Empangeni Anyphops Wall Spider
- Conservation status: Least Concern (SANBI Red List)

Scientific classification
- Kingdom: Animalia
- Phylum: Arthropoda
- Subphylum: Chelicerata
- Class: Arachnida
- Order: Araneae
- Infraorder: Araneomorphae
- Family: Selenopidae
- Genus: Anyphops
- Species: A. minor
- Binomial name: Anyphops minor (Lawrence, 1940)

= Anyphops minor =

- Authority: (Lawrence, 1940)
- Conservation status: LC

Species of spider

Anyphops minor is a species of spider in the family Selenopidae. It is endemic to South Africa and is commonly known as the Empangeni Anyphops wall spider.

==Distribution==
Anyphops minor occurs in two South African provinces: KwaZulu-Natal and Western Cape. It has been recorded from Empangeni, iSimangaliso Wetland Park (Hell's Gate), and La Mercy in KwaZulu-Natal, and Diepwalle Forest Station and Groeneweide Forest Station near George in the Western Cape at altitudes ranging from 7 to 243 m above sea level.

==Habitat and ecology==
The species inhabits the Forest, Indian Ocean Coastal Belt, and Savanna biomes and is a free-living cryptozoic nocturnal ground-dwelling spider. It has also been sampled from sugar cane fields.

==Description==

Both sexes are known. The carapace is brown with a very broad blackish-brown marginal band, crenulated along its inner margin and including some light brown spots. The lighter inner portion of the carapace lacks distinct radiations from the thoracic stria and has a T-shaped blackish marking behind the eyes, with the cephalic region having a narrow blackish margin. The chelicerae are blackish brown.

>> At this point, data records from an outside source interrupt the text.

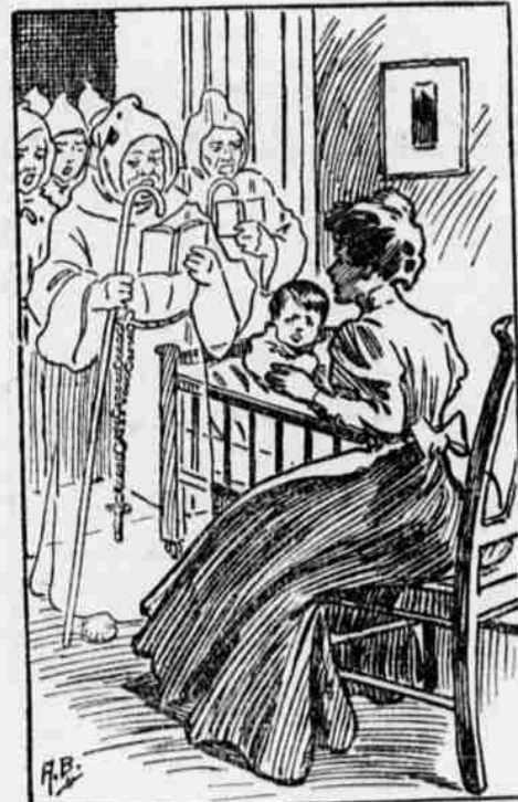
Cowled Monks Went Through the Room.

My stepmother said it reminded her of something she had heard at a thea-
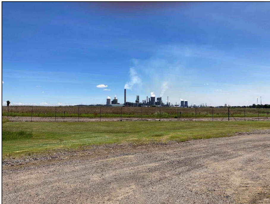
Figure 9: Sasol synthetic fuel plant located on the western boundary of the study area.
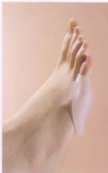
HFOS530-000 Silicone Last Toe Shield Size: S/M(3), L/XL(7) Color: Transparent(Z) Packing: 1 piece/Box 320 Boxes/Carton
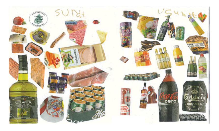
Figure 3. Examples of students' placemats: at left, healthy (with several pork products); at right, unhealthy.

We see more nuances when we look at children's meaning-making processes through their conversations, such as the conversation about food preferences, shown in example 1, between students Oliver (Danish background),
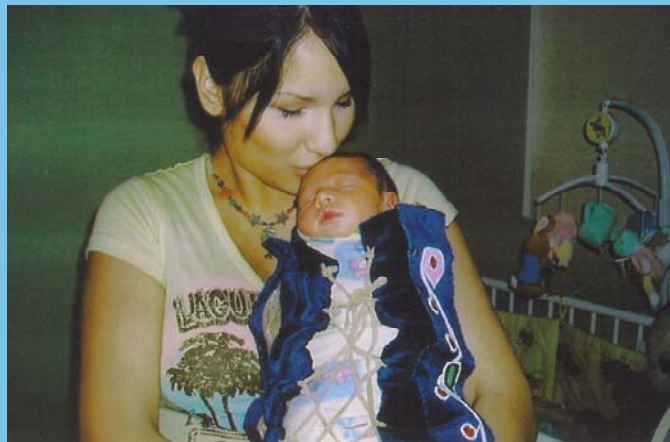
Sunggled in a Moss Bag V. Mc. 2007

Photovoice, founded on a philosophy of collaboration, empowerment and creative self-expression, is a method that promises possibilities and opportunities. By combining rich research data, photography, stories, critical reflection, group efforts, social change, and increased awareness of personal and community issues, this is a truly innovative activity well suited to many.
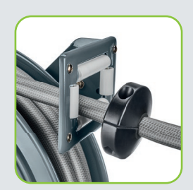
hose protecting hose guide

The abdomen is blackish, variegated with a few symmetrically arranged lighter spots, including a large pair just anterior to the posterior margin, and some minute black spots at the sides of the under surface. The femora of the legs have only one complete well defined band in the middle, with the other two bands represented by blotches and spots. The anterior tibiae have 5 pairs of inferior spines. Total length is 7.6 mm.

==Conservation==
Anyphops minor is listed as Least Concern. The species has a wide geographical range and is protected in Diepwalle Forest Station and Groeneweide Forest Station.